American author Louise Erdrich has been publishing novels, short stories, children's books, and poetry since 1984. Erdrich has been awarded in every genre in which she has published. Her novels Love Medicine and LaRose won the National Book Critics Circle Award while The Round House won the National Book Award. She received the World Fantasy Award for The Antelope Wife. Her children's book The Game of Silence won the Scott O'Dell Award for Historical Fiction. Her poetry has won the Pushcart Prize, and in 2005, she was the Associate Poet Laureate of North Dakota. She holds several honorary doctorates and has won numerous other awards for her achievements in the field of writing. Erdrich's books are an important part of the landscape of American literature. Let's learn more about the writer behind these contemporary classics.
Native American Heritage
Erdrich is a member of the Turtle Mountain Band of Chippewa Indians. Both of her parents worked as teachers at a North Dakota boarding school that was part of the Bureau of Indian Affairs. For many years, her grandfather served as tribal chair.

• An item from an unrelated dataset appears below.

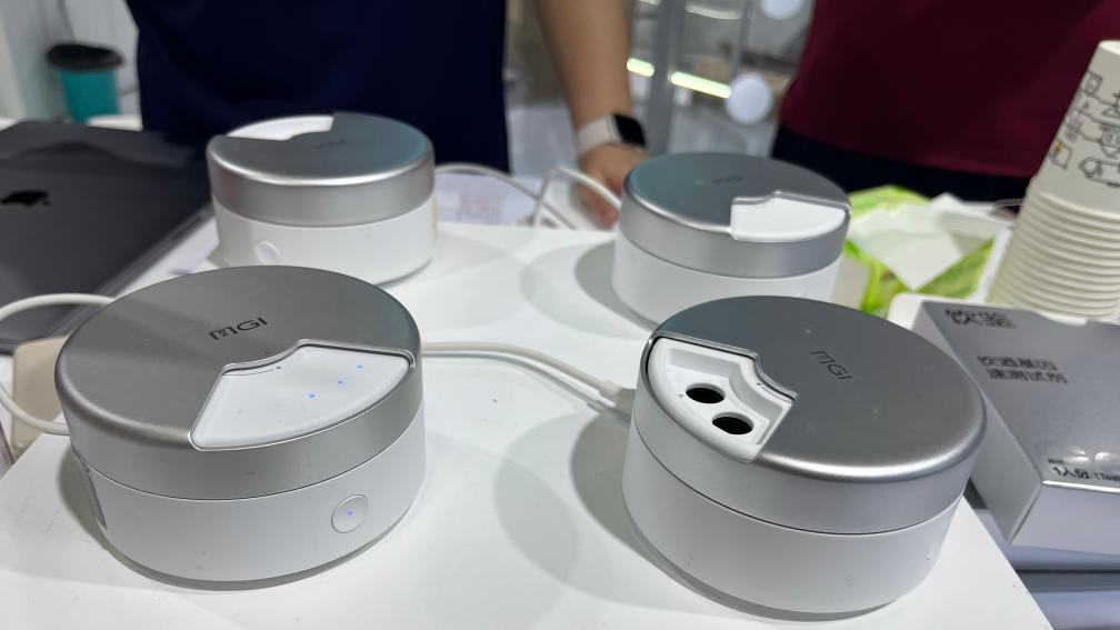 在華大集團展臺,一款飲酒能力基因測序儀吸引參展觀眾圍觀體驗。
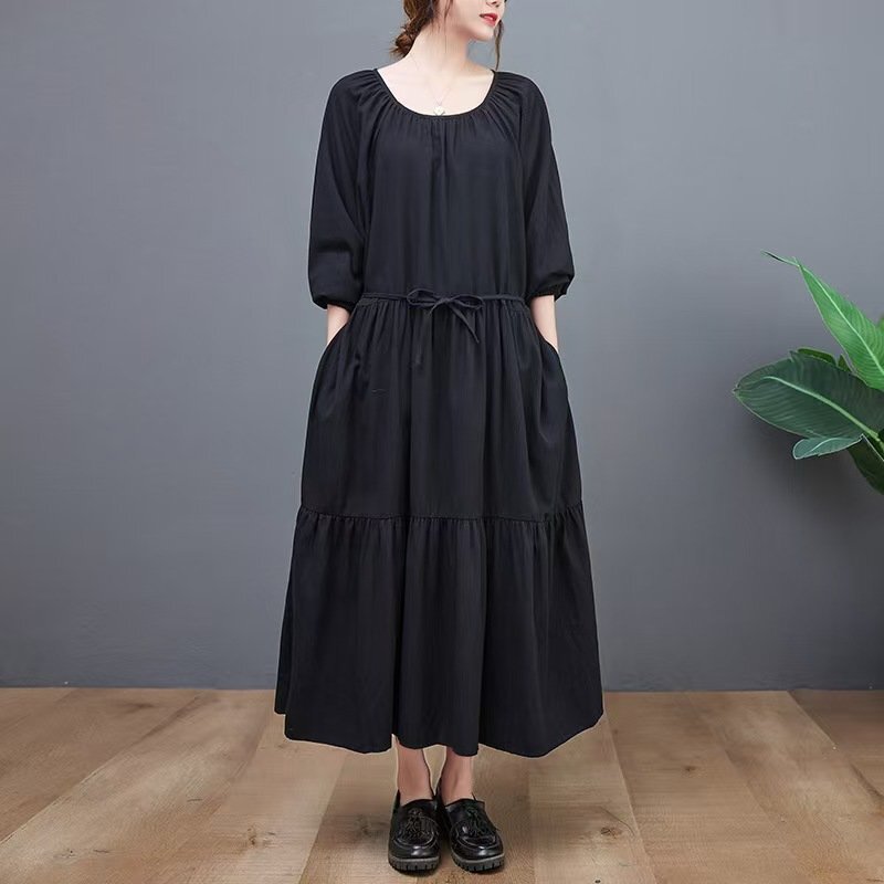 - LRM4811★秋 新品 ロング ワンピース ゆったり 無地 体型カバー きれいめ 長袖 30 40 50代 大きいサイズワンピー

Erdrich's heritage continues to have a strong impact on her writing. While most of her work focuses on reservation life and the culture of the Chippewa Native Americans (including Love Medicine, The Beet Queen, and LaRose), her novel The Master Butchers Singing Club incorporates her father's side of the family, focusing on a German immigrant family living in the fictional town of Argus, North Dakota. Erdrich received a lifetime achievement award for her contribution to Native American literature from the Native Writers Circle of the Americas. For her efforts protesting the use of the Sioux as a college mascot, she received an honorary doctorate from the University of North Dakota.
Interconnected Novels
One of the things that makes Erdrich's novels and stories so interesting is that they are all connected by place and character. The majority of her novels take place on an Indian reservation near the fictional town of Argus, North Dakota. The tribe, Ojibwe like her own, is comprised of several families and figures that feature again and again in her novels, such as the Kashpaws. Her books cover the lives of numerous families and the workings of the community over generations, building upon a common mythology that ties each novel together. Much like Faulkner's Yoknapatawpha County stories and novels and Sherwood Anderson's Winesburg, Ohio, this is what makes her stories so rewarding.

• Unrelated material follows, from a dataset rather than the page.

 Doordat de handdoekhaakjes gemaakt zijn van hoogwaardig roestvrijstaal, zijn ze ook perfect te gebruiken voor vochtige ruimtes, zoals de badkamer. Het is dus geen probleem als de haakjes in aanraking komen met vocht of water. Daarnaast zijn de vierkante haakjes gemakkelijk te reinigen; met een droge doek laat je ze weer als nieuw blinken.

Marriage to Michael Dorris
During her time at Dartmouth College (she was a member of the first class of women admitted to the university in 1972), Erdrich met Michael Dorris who was working there as an anthropologist and director of the department of Native American Studies. The two met when he attended one of her poetry readings. Dorris, author of the acclaimed A Yellow Raft in Blue Water, was impressed by her poems. The two kept in touch and though they did not live in the same city, they developed a working relationship, reading and critiquing each other's works. Eventually Dorris left New Zealand where he had been living and they began a romantic relationship. They married in 1981. Though they collaborated on numerous projects together, the only book published under both of their names is The Crown of Columbus.
Birchbark Books
Erdrich owns Birchbark Books in Minneapolis, Minnesota. The book store is mostly operated by Native Americans and primarily sells books by and about Native Americans. They also sell authentic art and items made by various tribes. The goal of the store is to cater to an underrepresented audience in a location that is home to the largest amount of Native Americans in the country. They also have a reading series, host numerous events yearly, and provide key resources for educators.